The R1V models address a gap that opened in early 2025: text-only reasoning models like DeepSeek-R1 and OpenAI's o1 showed that long reinforcement-learned chains of thought could dramatically improve performance on math and code, but those gains did not automatically extend to problems posed as images. Skywork's stated goal was to transfer this reasoning ability into the multimodal setting efficiently, without retraining a large language backbone from scratch, so that a model could examine a figure or diagram and reason about it in the same deliberate, multi-step way.^[1]^[5]

Each generation is a 38B-parameter model that pairs a vision encoder with a reasoning-capable language backbone, connected by a lightweight projector or "connector" module, and is post-trained with reinforcement learning tailored to reasoning.

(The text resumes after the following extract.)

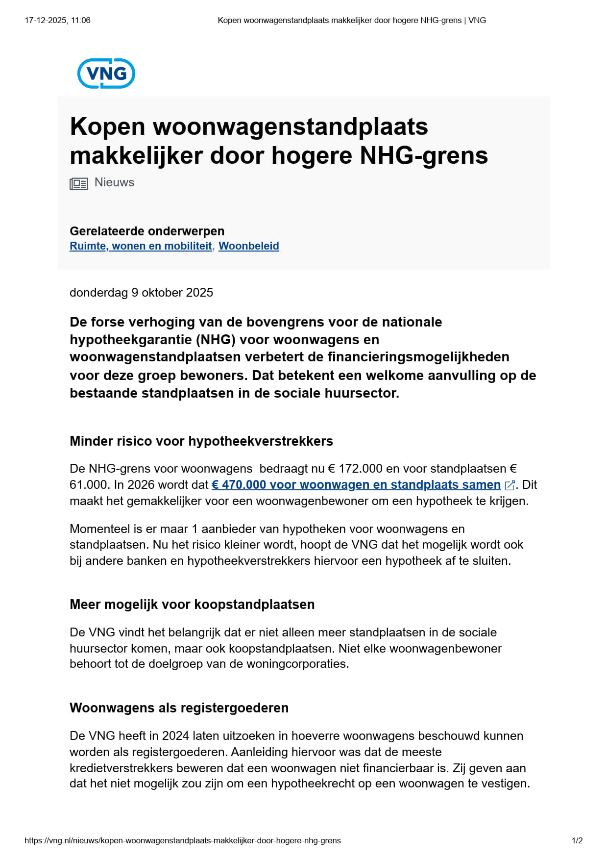 VNG Kopen Woonwagenstandplaats Makkelijker Door Hogere NHG-grens VNG 9 Oktober 2025

Skywork releases the models under the permissive MIT license and reports benchmark results positioning them among the strongest open multimodal reasoners; as with all vendor-reported figures, the numbers below are Skywork's own claims.^[2]^[3]^[6]

Skywork and Kunlun Tech

Kunlun Tech, also known as Kunlun Wanwei, is a Beijing-based technology company founded in 2008 and listed on the Shenzhen Stock Exchange since 2015. Its Skywork (Tiangong) team builds a broad portfolio of open-weight and proprietary AI systems.^[7] Earlier work includes Skywork-13B, a bilingual (Chinese and English) large language model pre-trained on 3.2 TB of text and code and released in 2023, and Skywork-MoE, a 146B-parameter mixture-of-experts model with roughly 22B activated parameters that was upcycled from the dense Skywork-13B checkpoints.^[8]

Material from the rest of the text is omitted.